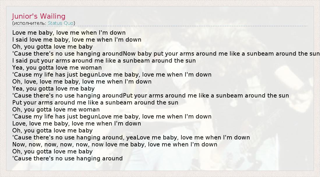 А как ты думаешь, о чем песня "Junior's Wailing" ?
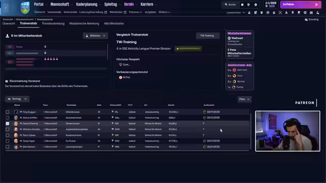 01:40:07Ein umfassender Neuaufbau des Personals beginnt. Alte Verträge von Mitarbeitern werden nicht verlängert. Es werden neue Positionen besetzt: Ein Jugendabteilungsleiter, ein Chefscout und ein Athletiktrainer werden eingestellt. Beim Kader werden Transferziele verfolgt, wobei das Budget und Gehälter im Fokus stehen. Spieler wie Harry Grew werden als nicht marktfähig eingestuft.
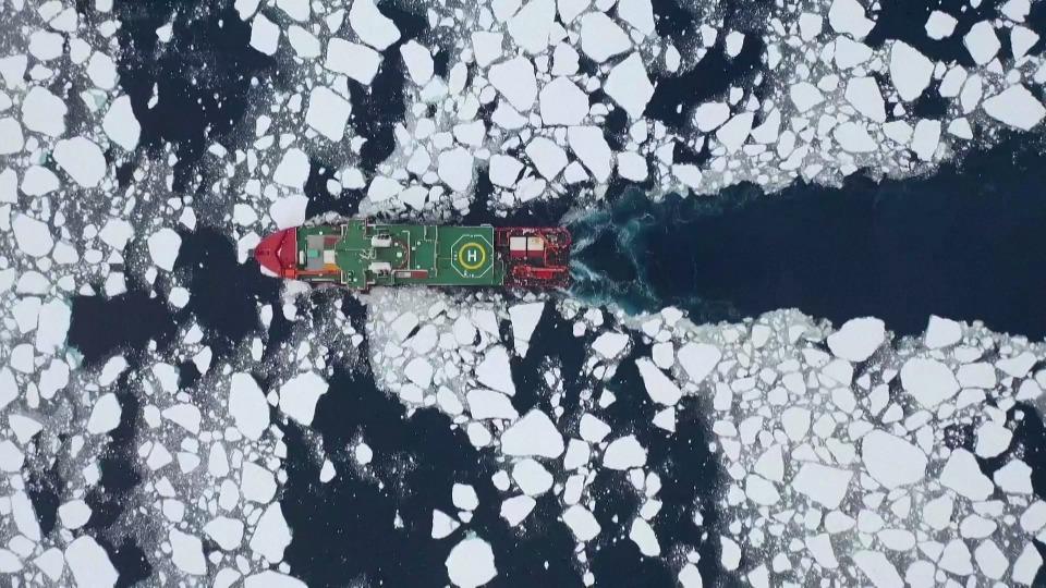2024年1月6日,南極洲,「雪龍2」號在阿蒙森海航行,開闢水道。(圖片來源:視覺中國)
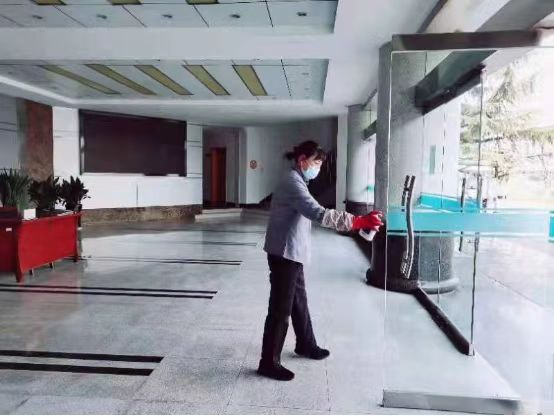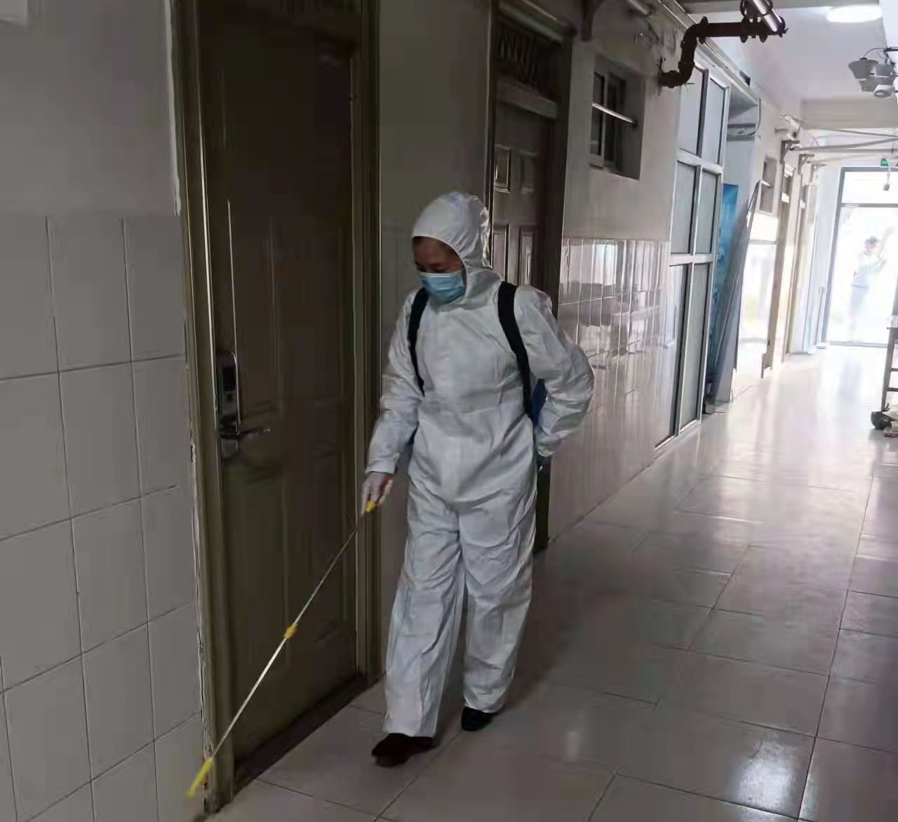 校园公共区域环境保障方面,在宿舍楼门厅处设置了防疫地贴、测温仪、防疫知识宣传提醒专区,还设立了自助防疫消毒站,提供免洗洗手液、酒精消毒液、消毒棉片等防疫物资。每天对宿舍楼公共区域和公共物体进行细致清洁消毒,确保住宿环境安全安心。对校内其他公共区域楼宇、校园环境实施分类管理,严格按照高危区域、重点区域、一般区域清洁消毒工作方案要求,加强对楼宇公共走廊,教室、体育场馆、浴室、公共卫生间等使用频繁的公共区域,以及电梯按钮、门把手、楼梯扶手等高频接触表面进行喷洒擦拭消毒。

☆ ☆ ☆ ☆ ☆ ☆ ☆

EXERCISE INSTRUCTIONS: The line containing "2024年1月6日,南極洲,「雪龍2」號" marks the end; please output exactly the lines of the listing above from its first line through that line, without pictures.

EXERCISE RESULT:
 А как ты думаешь, о чем песня "Junior's Wailing" ?
 01:40:07Ein umfassender Neuaufbau des Personals beginnt. Alte Verträge von Mitarbeitern werden nicht verlängert. Es werden neue Positionen besetzt: Ein Jugendabteilungsleiter, ein Chefscout und ein Athletiktrainer werden eingestellt. Beim Kader werden Transferziele verfolgt, wobei das Budget und Gehälter im Fokus stehen. Spieler wie Harry Grew werden als nicht marktfähig eingestuft.
2024年1月6日,南極洲,「雪龍2」號在阿蒙森海航行,開闢水道。(圖片來源:視覺中國)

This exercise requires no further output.